Comcast is first U.S. ISP to offer IPv6 to home gateway users

By , Network World |  Internet, comast, IPv6

Comcast has moved into the next phase of its IPv6 roll-out, becoming the first U.S. broadband ISP to enable next-gen Internet services for residential customers that use home gateways.

Comcast plans to announce its IPv6 service for home gateway users later this month, but company officials released a few details about this service at the North American IPv6 Summit held here this week.

John Brzozowski, chief architect for IPv6 and distinguished engineer with Comcast, said IPv6 service was already available to home gateway users in two U.S. cities. The service is available for residential customers that use one of six home gateways, which are specific IPv6-enabled models from D-Link, Linksys and Netgear that are listed at this Web site.

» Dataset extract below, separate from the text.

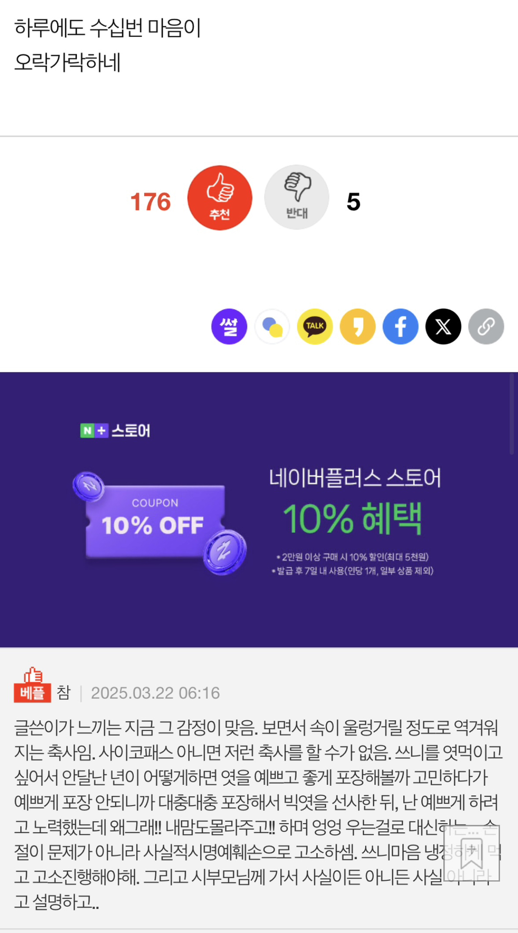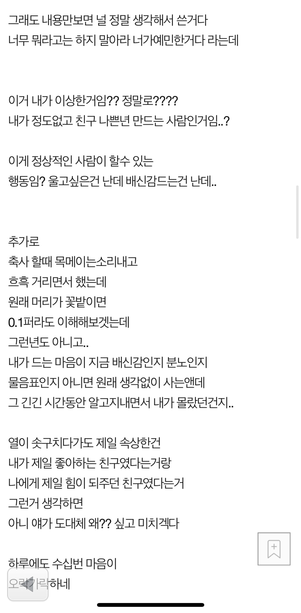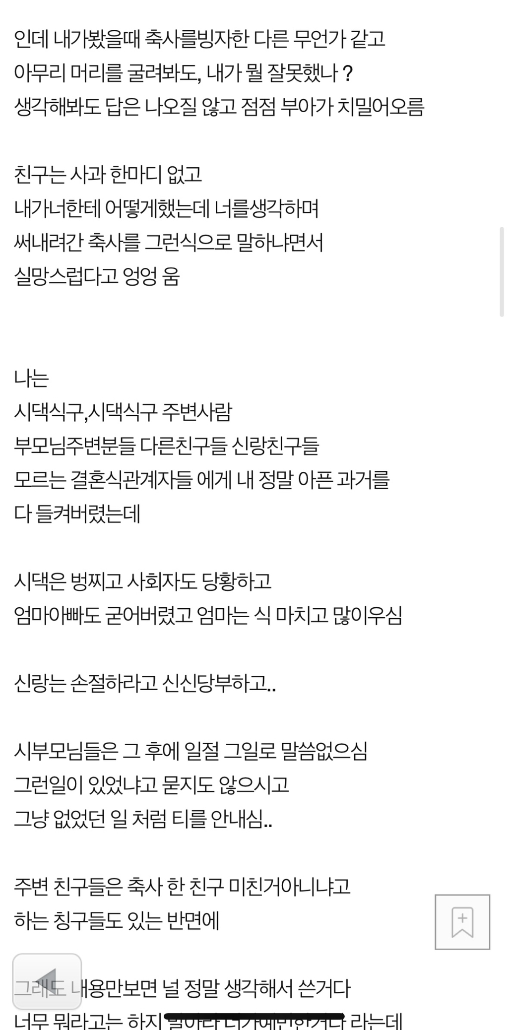 [기타]<네이트판> 제일 친한친구가 결혼식 축사때 우울증과 자해이력을 밝혔어요 작성자SSVvvlllvvllvvvv1|작성시간25.03.22|조회수52,316 목록 댓글 295 글자크기 작게가 글자크기 크게가 출처: https://m.pann.nate.com/talk/374150466?currMenu=talker제일 친한친구가 결혼식 축사때 우울증과 자해이력을 밝혔어요 | 네이트 판결혼/시집/친정 : 제목 그대로 인데 4년전에 우울증을 심하게 앓았고 약복용중에 스스로 손목을 그은적이 있었는데 그때 당시에도 가장 친했던 이 친구가 소식듣고 병원으로 달려와 주었고 그 pann.nate.com 다음검색 현재 게시글 추가 기능 열기 북마크 공유하기 신고 센터로 신고 댓글 댓글 295 댓글쓰기 답글쓰기 댓글 리스트 작성자스우파그여자못잊어모니카 | 작성시간 25.03.23 난 축사에서 신부 전남친 줄줄 읊는것도 봄 ㅋㅋㅋㅋㅋㅋㅋㅋ 작성자뿡빵뿡커리 | 작성시간 25.03.23 친구맞아? 작성자전국길고양이노동조합 | 작성시간 25.03.23 아... ... 작성자익스펠리아무스 | 작성시간 25.03.23 주작. 띄어쓰기 무슨 일이야 작성자내는내다앙앙 | 작성시간 25.03.24 미친거아냐 어떡해 댓글 전체보기
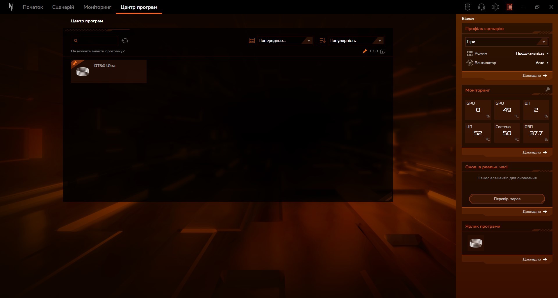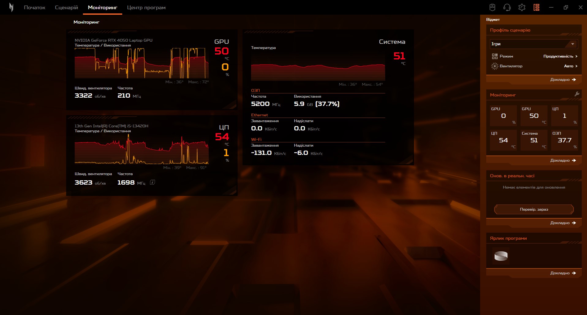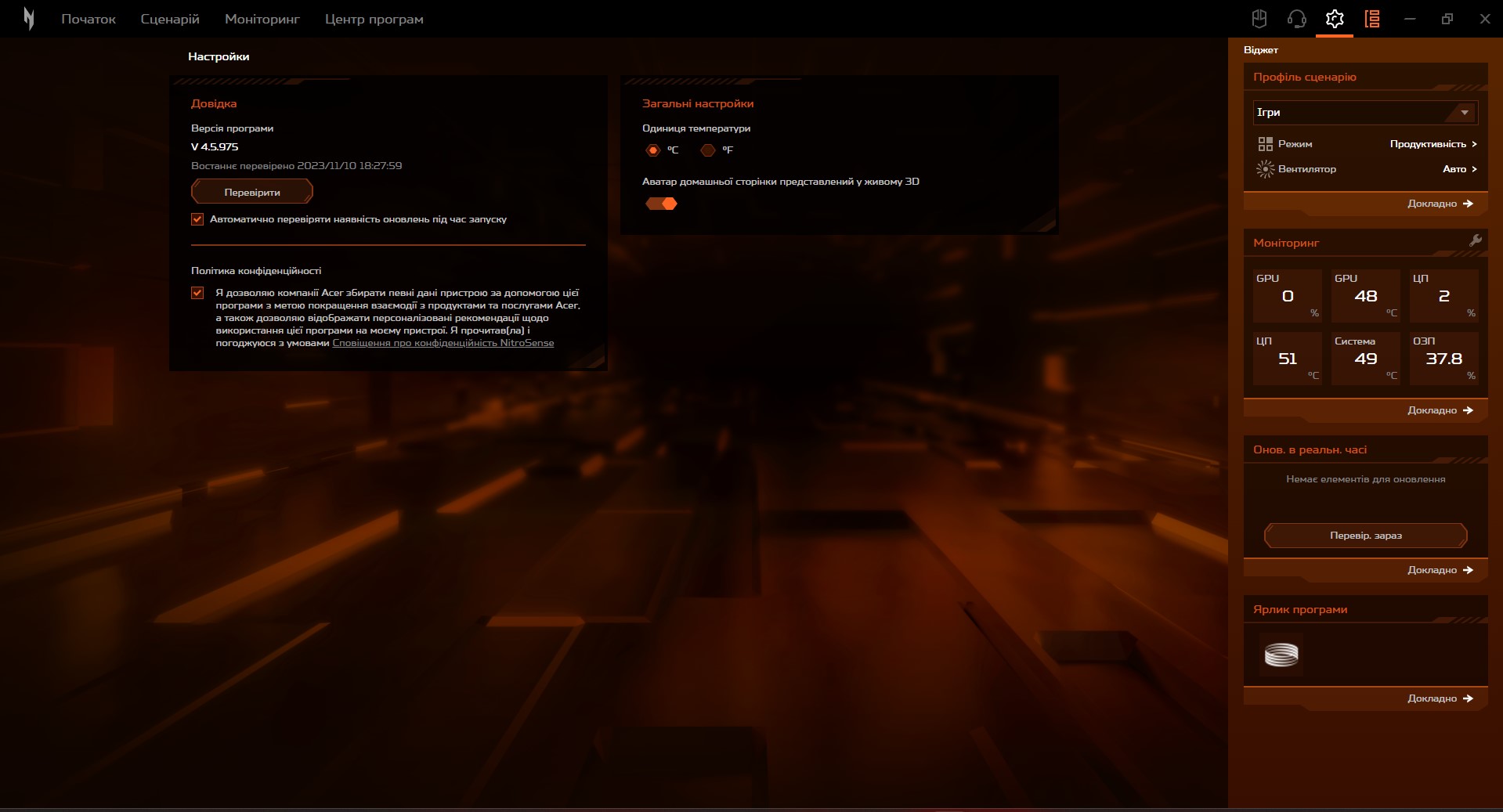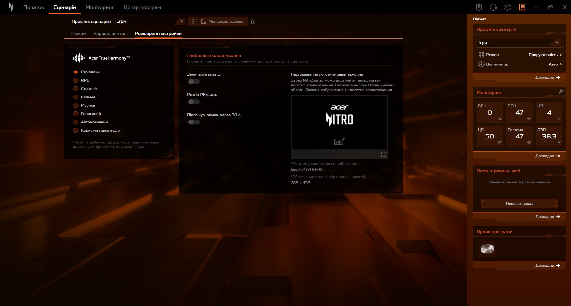 Aplikacja Nitro Sense służy do zdecydowanej większości ustawień laptopa. Ma ona zaktualizowany interfejs, ale podstawowa funkcjonalność pozostaje znajoma. Dostępne są ustawienia dotyczące wydajności, działania systemu chłodzenia, aktualizacji, monitorowania systemu, ustawień dźwięku, podkręcania matrycy i nie tylko.

"When we launch this service in an area, we are instantly seeing IPv6 traffic among home networking users that have IPv6 turned on by default," Brzozowski said.

MORE: Comcast expands IPv6 into four more states

Comcast is providing home networking users with what's called dual-stack service, which includes support for native IPv6 as well as the current version of the Internet Protocol, dubbed IPv4.

"With our customer home networking service, you take your home router of some variety, plug it into the back of our cable modem, and now you have IPv6 in your home," Brzozowski explained. "On any device - your iPad, your Mac, your tablet - you now have native dual-stack service to the Internet."

IPv6 is a looming upgrade to IPv4, the Internet's main communications protocol.

IPv6 is needed because IPv4 is running out of addresses to connect new users and new devices to the Internet. IPv6 solves this problem with a vastly expanded address space, but it is not backwards-compatible with IPv4. So ISPs like Comcast have to upgrade their routing, edge, security, network management and customer premises equipment (CPE) to support IPv6. The alternative is for carriers to translate between IPv4 and IPv6 addresses, which adds latency and cost to network operations.